Wie das NDE-Arbeitsgruppe um Charlotte Martial von der Universität Lüttich aktuell in einem Übersichtsartikel im Nature-Fachjournal „Nature Reviews Neurology“ (DOI: 10.1038/s41582-025-01072-z) berichtet, stütze sich die Studie auf übereinstimmende empirische Erkenntnisse aus den Bereichen Neurobiologie, Psychologie und Evolutionstheorie.
Laut den Forschenden deuten die Ergebnisse darauf hin, dass Faktoren wie Sauerstoffmangel, erhöhter Kohlendioxidgehalt und gestörter Energiehaushalt des Gehirns Reaktionen auslösen können, die zu intensiven Wahrnehmungs- und Emotionserlebnissen führen, wie sie häufig bei Nahtoderfahrungen berichtet werden.
Hintergrund
Als Nahtoderfahrung (Near Death Experiences, NDEs) werden in der Regel Erlebnisse im Angesicht lebensbedrohlicher Situationen (etwa bei Herzstillstand, Schlaganfällen, nach Unfällen, beim Ertrinken oder während riskanter Operationen) bezeichnet, während derer die Betroffenen von einer ganzen Bandbreite an religiösen, spirituellen Erlebnissen (Flug zum Licht), psychisch-physischen Symptomen wie außerkörperlichen Wahrnehmungen bis hin zum Hören und Sehen von (meist spirituellen) Wesenheiten berichten.
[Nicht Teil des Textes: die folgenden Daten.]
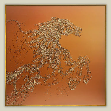 Whether showcased in a contemporary or minimalist setting, this stunning artwork, characterized by a lovely composition of leather dispensing and a gleaming finish, will serve as a dynamic focal point. It evokes contemplation and appreciation for its artistic sophistication, making it an ideal choice for a living space, dining room, or entryway.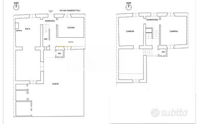 al piano terra una grande zona open space con camino, cucina semi-abitabile con zona cottura in muratura, comodo ripostiglio o dispensa, un bagno grande e un piccolo secondo bagnetto.

Konkret bezieht sich die Studie selbst dabei auf:
– Außerkörperliche Erfahrungen, bei denen eine dissoziative Wahrnehmung auftritt, sich vom eigenen physischen Körper zu lösen.
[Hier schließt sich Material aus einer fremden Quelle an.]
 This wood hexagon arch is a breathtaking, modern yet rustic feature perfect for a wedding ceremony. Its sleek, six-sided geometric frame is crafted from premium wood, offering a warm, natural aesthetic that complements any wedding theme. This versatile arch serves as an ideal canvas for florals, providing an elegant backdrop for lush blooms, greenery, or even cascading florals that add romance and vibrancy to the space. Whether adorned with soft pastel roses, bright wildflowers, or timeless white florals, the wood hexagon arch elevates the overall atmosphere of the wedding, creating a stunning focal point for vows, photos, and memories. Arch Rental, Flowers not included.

– Verzerrte Zeitwahrnehmung, die den Eindruck vermittelt, dass die Zeit sich verlangsamt, stillsteht oder beschleunigt.
– Ein intensives Gefühl von Ruhe, Frieden und Wohlbefinden.
– Ein Rückblick auf das eigene Leben oder ein „Vorbeiziehen“ von Erinnerungen in Sekundenschnelle.
– Helle Lichter, lange Tunnel und Begegnungen mit verstorbenen Verwandten oder unbekannten Gestalten, die als fühlend, mystisch oder spirituell wahrgenommen werden.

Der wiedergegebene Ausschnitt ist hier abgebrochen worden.